Task objective. Without pictures, return the lines from the one containing "Comme Oscar a" through the last line of the data below, exactly.
··· Dataset excerpt ···
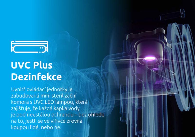 Součástí vybavení je UVC Plus dezinfekční systém, který pomocí zabudované UVC LED lampy účinně snižuje množství bakterií ve vodě až o 52 % za 4 hodiny. Lampa je bezpečně umístěná uvnitř čerpadla, takže neohrožuje oči ani pokožku. Systém ANTI-ICING hlídá teplotu vody a automaticky spustí ohřev při poklesu pod 1 °C, čímž zabraňuje zamrznutí vody a poškození zařízení.
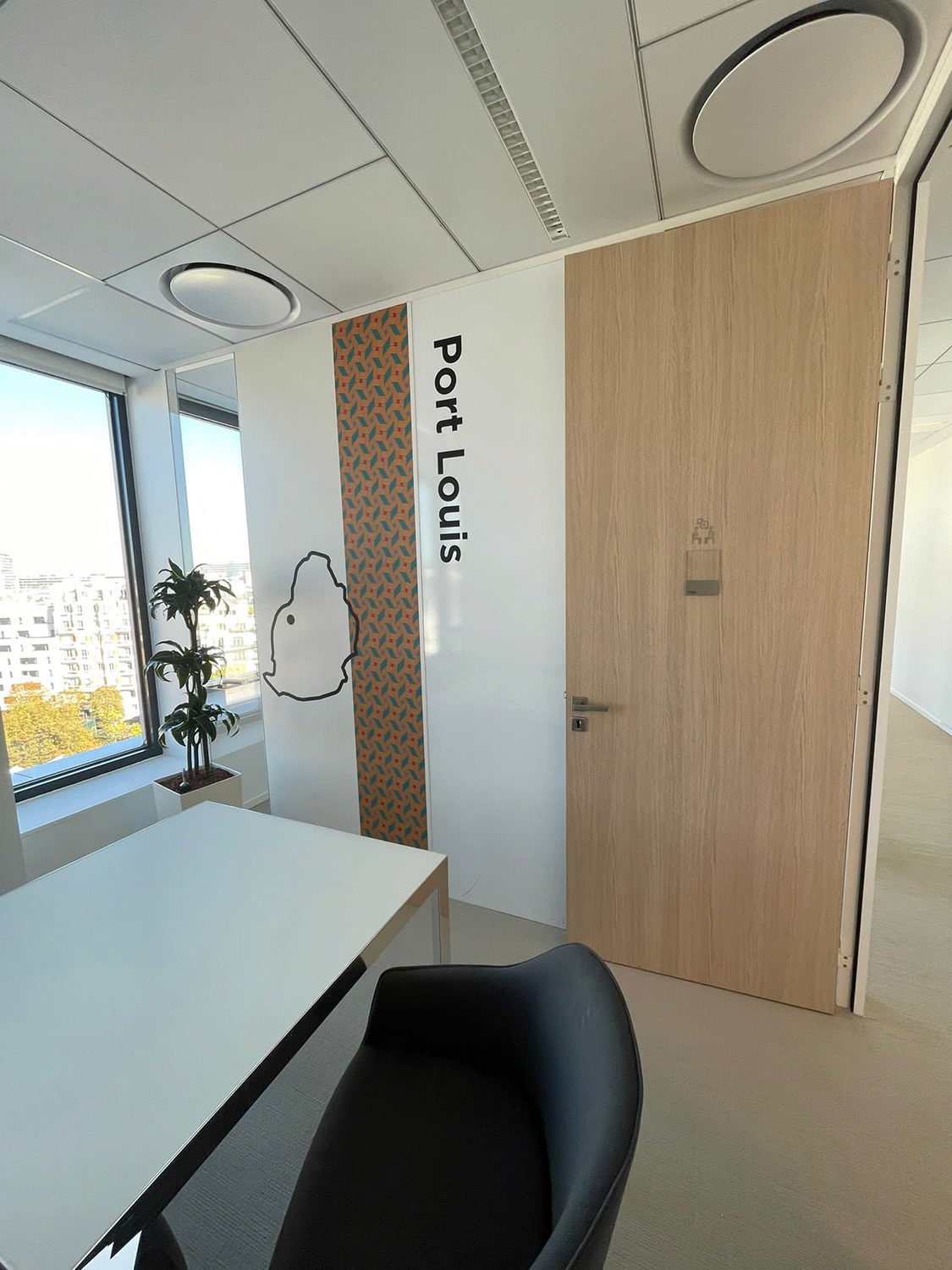 Pour son siège social situé à Boulogne Billancourt, CFAO nous a confié la réalisation de 600 m2 de vitrophanie, de signalétique sur 8 étages et d’une enseigne intérieure néon.
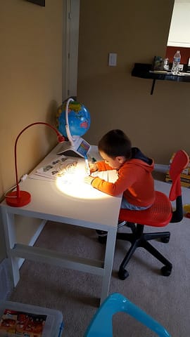 Comme Oscar a maintenant 4 ans, nous avons un peu renouvelé son espace de jeu à la maison. On voit ses goûts changés et s’affirmés. Pour l’occasion, et comme il aime apprendre et dessiner, nous lui avons pris son premier bureau !
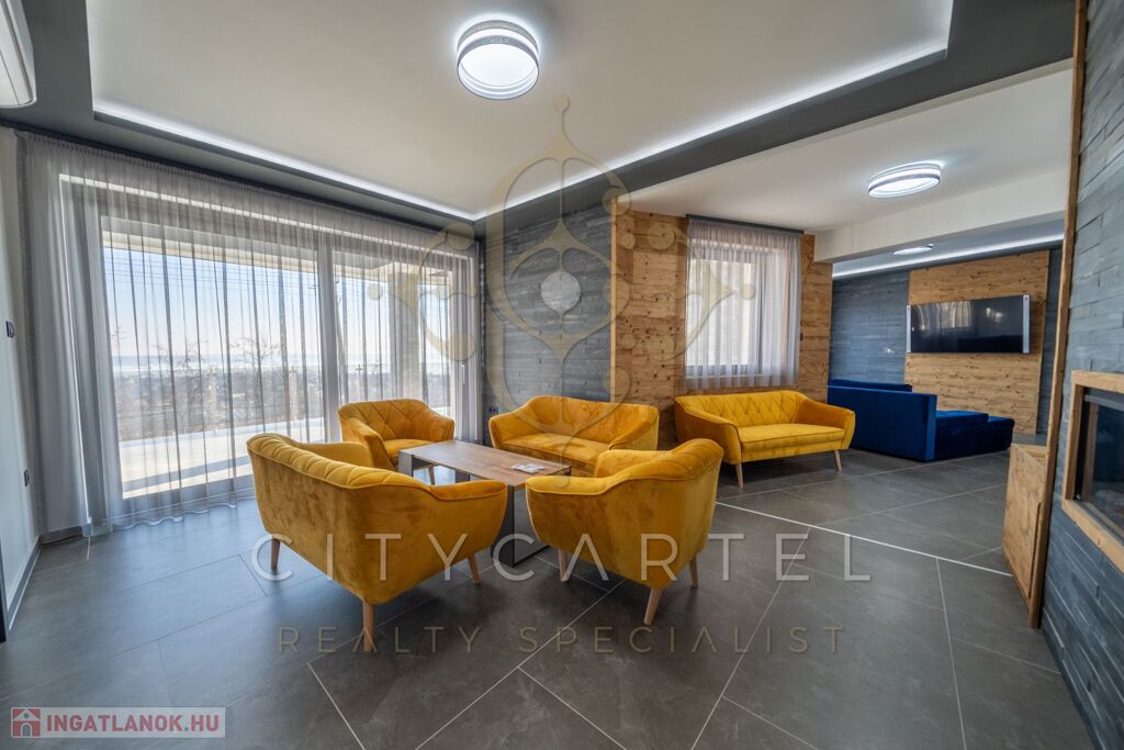 Középső szint: 60 nm-es amerikai konyhás nappali, 2 hálószoba, 2 fürdőszoba, 60 nm-es panorámás terasz,
···
Worked solution.
 Comme Oscar a maintenant 4 ans, nous avons un peu renouvelé son espace de jeu à la maison. On voit ses goûts changés et s’affirmés. Pour l’occasion, et comme il aime apprendre et dessiner, nous lui avons pris son premier bureau !
 Középső szint: 60 nm-es amerikai konyhás nappali, 2 hálószoba, 2 fürdőszoba, 60 nm-es panorámás terasz,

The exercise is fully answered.